Script to monitor the pattern in the log file

hi All,
how to find a pattern in the log file & display the above and below line
for example in the log file, i have many lines, whenever i search for "Category" it should display the above line with only few parameter like i want only the location name & department name
Thu Jul 02 11:05:23 2009<location> noth amer</location><Site>ohioc</site><department>IT sales</department><country>UAT</country>
Thu Jul 02 11:05:39 2009 ird: INFO: (pack) We have a Problem Record. pp_HPD: category, Type is invalid
Thu Jul 02 11:05:39 2009 please enter the corrct details

in the below code i'm able to get only the above line
Logn="file name"
for log in $Log
do
cat $log |sed -n -e'/Category/{x;1!p;}' -e h |grep "`date +%a' '%b' '%d`" >> $Logn/System_Log
done

but i'm not getting the custom parmater from the above line

try this

sed -n -e '/Category/{=;x;1!p;g;$!N;p;D;}' -e h $log |grep "`date +%a' '%b' '%d`" 

lose cat at the beginning.

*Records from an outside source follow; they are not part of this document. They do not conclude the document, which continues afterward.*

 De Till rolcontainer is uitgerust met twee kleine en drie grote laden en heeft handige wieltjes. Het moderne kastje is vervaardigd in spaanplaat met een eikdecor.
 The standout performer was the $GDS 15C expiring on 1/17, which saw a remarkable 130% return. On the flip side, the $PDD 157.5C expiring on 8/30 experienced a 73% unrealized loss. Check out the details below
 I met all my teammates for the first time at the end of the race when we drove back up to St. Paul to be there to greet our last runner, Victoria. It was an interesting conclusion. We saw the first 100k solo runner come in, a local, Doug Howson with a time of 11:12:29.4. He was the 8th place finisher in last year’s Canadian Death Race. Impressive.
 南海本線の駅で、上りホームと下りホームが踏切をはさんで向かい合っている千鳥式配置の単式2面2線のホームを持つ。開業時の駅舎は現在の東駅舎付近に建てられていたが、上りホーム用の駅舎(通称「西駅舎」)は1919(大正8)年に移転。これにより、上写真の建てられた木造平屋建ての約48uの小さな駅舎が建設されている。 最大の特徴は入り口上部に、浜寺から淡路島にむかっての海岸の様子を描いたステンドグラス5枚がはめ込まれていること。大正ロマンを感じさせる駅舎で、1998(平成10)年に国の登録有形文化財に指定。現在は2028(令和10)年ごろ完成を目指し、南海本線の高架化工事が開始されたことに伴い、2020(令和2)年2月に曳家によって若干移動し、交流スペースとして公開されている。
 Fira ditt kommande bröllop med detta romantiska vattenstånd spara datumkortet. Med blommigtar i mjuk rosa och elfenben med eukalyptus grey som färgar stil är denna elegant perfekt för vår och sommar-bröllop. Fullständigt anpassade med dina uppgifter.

It is called UUOC - useless use of cat

use `date +%a' '%b' '%d` once is enough. don't put it together with grep. you don't want to call date everytime sed pass a line to grep.

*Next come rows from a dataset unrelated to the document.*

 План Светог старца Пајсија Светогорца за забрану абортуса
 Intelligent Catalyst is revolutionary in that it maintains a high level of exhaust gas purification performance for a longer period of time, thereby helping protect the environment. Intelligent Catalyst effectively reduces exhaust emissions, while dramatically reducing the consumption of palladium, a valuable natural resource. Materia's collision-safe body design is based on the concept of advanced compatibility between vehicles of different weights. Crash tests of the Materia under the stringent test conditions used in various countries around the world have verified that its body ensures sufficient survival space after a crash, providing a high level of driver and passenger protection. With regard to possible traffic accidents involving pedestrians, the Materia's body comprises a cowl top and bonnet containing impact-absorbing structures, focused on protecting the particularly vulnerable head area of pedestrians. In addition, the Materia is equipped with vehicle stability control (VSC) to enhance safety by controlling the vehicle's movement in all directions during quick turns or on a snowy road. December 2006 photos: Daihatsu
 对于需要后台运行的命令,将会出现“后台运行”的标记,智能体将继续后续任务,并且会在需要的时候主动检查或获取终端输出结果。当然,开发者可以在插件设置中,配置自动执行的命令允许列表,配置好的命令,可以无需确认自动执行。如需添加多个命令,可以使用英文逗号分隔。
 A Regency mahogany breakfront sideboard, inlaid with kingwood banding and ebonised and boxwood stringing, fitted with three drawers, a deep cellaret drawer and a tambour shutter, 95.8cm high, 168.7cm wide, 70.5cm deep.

datepattern=`date +%a' '%b' '%d` 
sed .... | grep $datepattern

with GNU awk

awk 'BEGIN{
 datepattern = "^"strftime("%a %b %d",systime())
}
/category/{
    if (x ~ datepattern){
        scrape(x)        
    }
    getline l
    if (l ~ datepattern){
        # do something with below line
    }   
}
{
 x=$0
}
function scrape(s){
        o=s
        gsub(/.*<location>/,"",o)       
        gsub(/<\/location>.*/,"",o)
        print "location: ",o
        gsub(/.*<department>/,"",x)
        gsub(/<\/department>.*/,"",x) 
        print "dept: "x
}' file